The very photogenic “A Whisper in the Eye of the Storm,” by Canadian artists Caitlind R. C. Brown and Wayne Garrett, is sure to be a crowd pleaser. Around 14,000 recycled lenses of varied prescriptions hang in a curtain that spirals inward, encircling a bench wrapped around a tree. Looking at the installation up close, the viewer’s vision fills with suspended bubbles, warping the sky, forest and lake beyond. More so than with the cloth of Miyayama or Isobe’s works, one has to wonder how the small and intricately arranged pieces would fare under the duress of a typhoon.
An artist who goes by Kotake Man has been gathering people together for “Self Matsuri” in Osaka for 12 years, participatory community events that culminate in a mud festival. For his work “Yamanoue Matsuri,” the artist planned a 35-by-15-meter “ground painting” (that is, a painting made on the ground) broken up into a few large pieces. He and his team sketched a creature that would be drawn in by festival participants using soil then colored in with plaster and pigment, but the creation of the communal work quickly became an act of forecasting. Rain washed the soil away repeatedly, morphing the original figure, and what was finally left behind must have been what the gods approved of, says the artist.
“It felt like the mountain gods were telling us to start over,” he says. “It felt like we were trying to control the painting while nature was controlling us at the same time, and it eventually came together that way.”

The most literal embodiment of weather as art is “A Weather Haecceity Observation Bureau — Omachi,” by Shoji Funakawa. Erected on the lawn outside the Omachi Alpine Museum, the artist created his own observatory whose LED lights respond to changes in weather. Funakawa gives brief spoken word performances related to the atmospheric phenomenon next to his installation.
We often think of “the weather” as a forecast that is given to us by an app or someone on TV. But, of course, there is the other kind of weather, the thing that’s hitting us in the face or banging on the storm door, something that isn’t bound by large-scale patterns or postal codes but rather shifts with the landscape. “The sun, wind, rain, temperature and visibility can fluctuate significantly on any short walk,” writes British author Tristan Gooley in his instructive book, “The Secret World of Weather.” “This is what we have always meant by ‘weather,’ and it is different on two sides of a tree.”
Weather never happens to us exactly the same way twice; the same can be said about art. And in that way they are a perfect pairing.

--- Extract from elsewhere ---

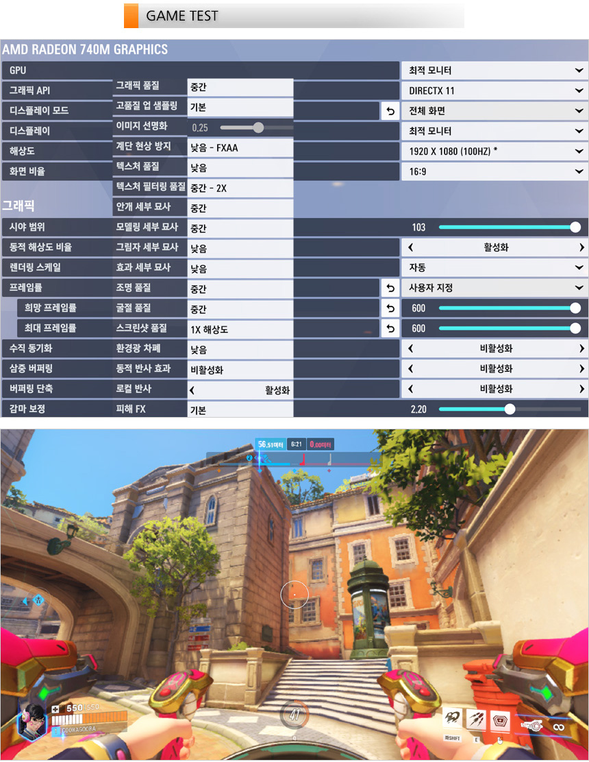 오버워치2를 이용해 프레임 테스트를 진행하고 있는 모습으로 중간 옵션에서 93-117 프레임을 보여주었다. 특히 100Hz 주사율을 지원해 캐릭터의 움직임이 상당히 부드러운 것을 확인할 수 있었다. (동영상을 통해 자세히 확인하기 바란다.)

Put another way, “The meaning of the improvement, of the increase promised by a work of art, depends upon who is looking at it when,” as art critic John Berger once wrote. Berger is talking not about weather but about the ever shifting obstacles facing humankind at a given moment. Today, there’s no doubt that the threat of ecological ruin is at the very top of that list. In its mission, the Northern Alps Art Festival encourages an examination of that natural fragility and humanity’s role in it, while also providing art that is as alive and dynamic as its environs.